I had a remarkable thought while hunting a pacifier the other day: If only scientists could harness the energy source that powers a squalling baby and eliminate dirty diapers, we’d have unlimited clean energy. The thought isn’t remarkable in the sense that it’s groundbreaking or even remotely plausible, just that it’s a thought and I haven’t thought much lately.

I’m not sure what my brain has been doing, but mostly it hasn’t been thinking. It’s been trying to do anything possible not to think, even resorting to watching World Dodgeball Federation videos on YouTube. (Who knew semi-professional dodgeball was such a great spectator sport?)
You might think that not-thinking would be the modus operandi for writers of a particular sort who plumb the depths of unsophisticated farm humor. To a certain extent, doing dumb things does provide plenty of raw material, but to craft that raw material into words requires neurons and synapses to fire, and lately my brain has been backfiring.
It always amazes me to read about writers who have the brainpower, or really willpower, to write no matter what, every day. One of my favorite writers is Annie Dillard, and she’s an advocate for sticking to a daily writing schedule. In The Writing Life, she says,
“A work in progress quickly becomes feral. It reverts to a wild state overnight. It is barely domesticated, a mustang on which you one day fastened a halter, but which now you cannot catch. It is a lion you cage in your study. As the work grows, it gets harder to control; it is a lion growing in strength. You must visit it every day and reassert your mastery over it. If you skip a day, you are, quite rightly, afraid to open the door to its room. You enter its room with bravura, holding a chair at the thing and shouting, “Simba!”
And Dillard practiced what she preached, writing every day, reasserting mastery over her manuscripts, so much so she won the Pulitzer Prize–by age 29. Another one of my favorite writers, Patrick McManus, spent two hours every day writing. He died a few years ago at age 85, having authored 23 books.
Despite my best efforts to write some every day, lately I haven’t been mustering the brainpower. I’ve got a nearly-finished first draft of a manuscript that has, as Dillard put it, turned into a lion. I’m afraid to reopen the document and look at it, much less work on it again. It just seems untamable. The problem is I don’t really know what the book is–is it a semi-truthful memoir of my attempts at farming, a collection of loosely-related and ridiculous short stories, or a manual of what not to do for young farmers. Right now, it feels like a three-headed beast that needs two of its heads chopped off.
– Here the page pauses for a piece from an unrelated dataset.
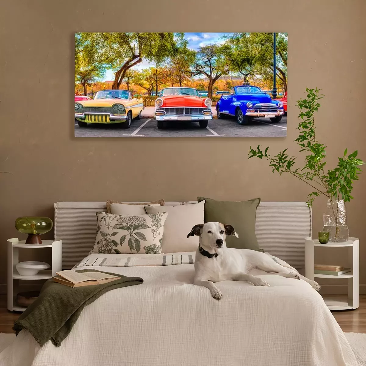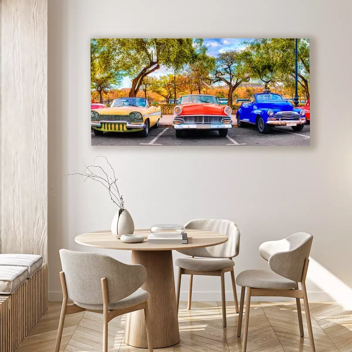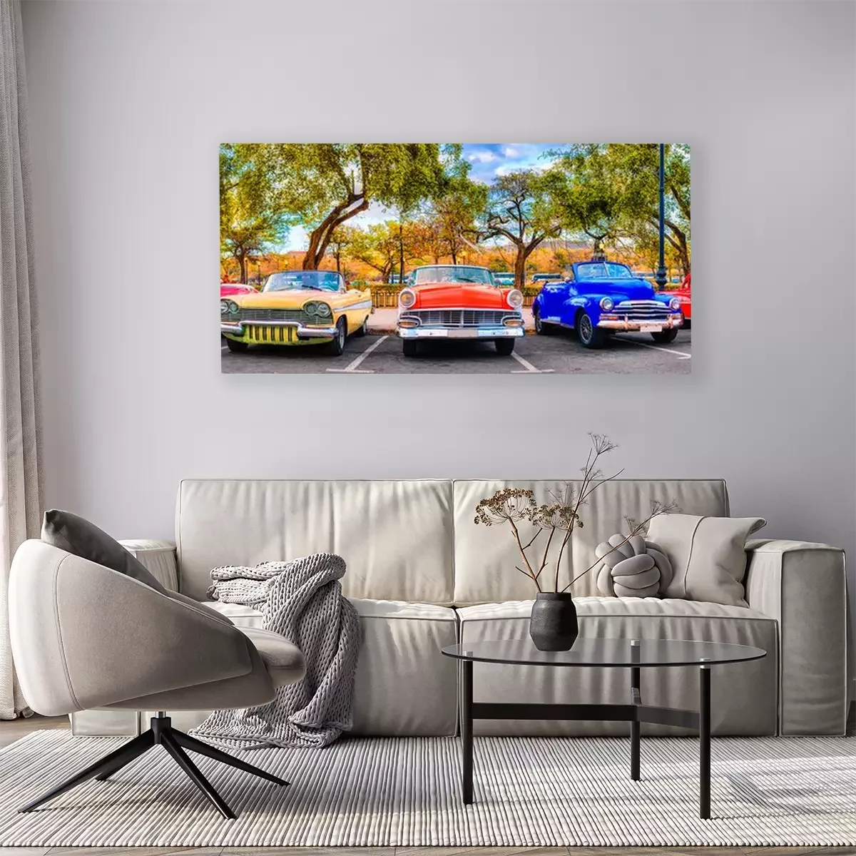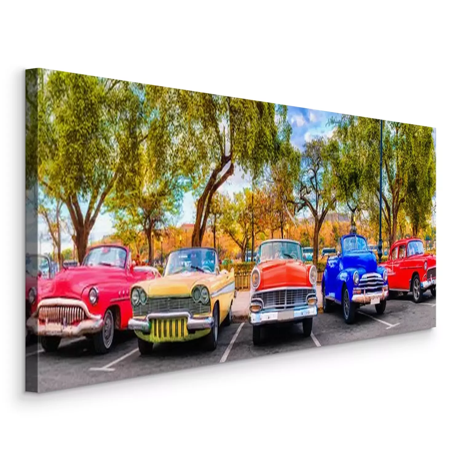 Tableau  Groupe coloré de voitures anciennes dans la Vieille Havane, un spectacle emblématique à Cuba

Speaking of farming, I had a farmer tell me once that there are two types of combines: combines that are broke down, and combines that are fixin to break down. I think that accurately describes my writing process. Even when I’m writing every day, there is always the looming feeling out there that my brain is about to break down, not in a bonkers sort of way, just in the I-don’t-have-energy-to-think sort of way. And right now my brain is broke down, and I’m not exactly sure how to get it back up and running again.
For you writers out there, what’s your go-to solution for fixing a broke-down brain?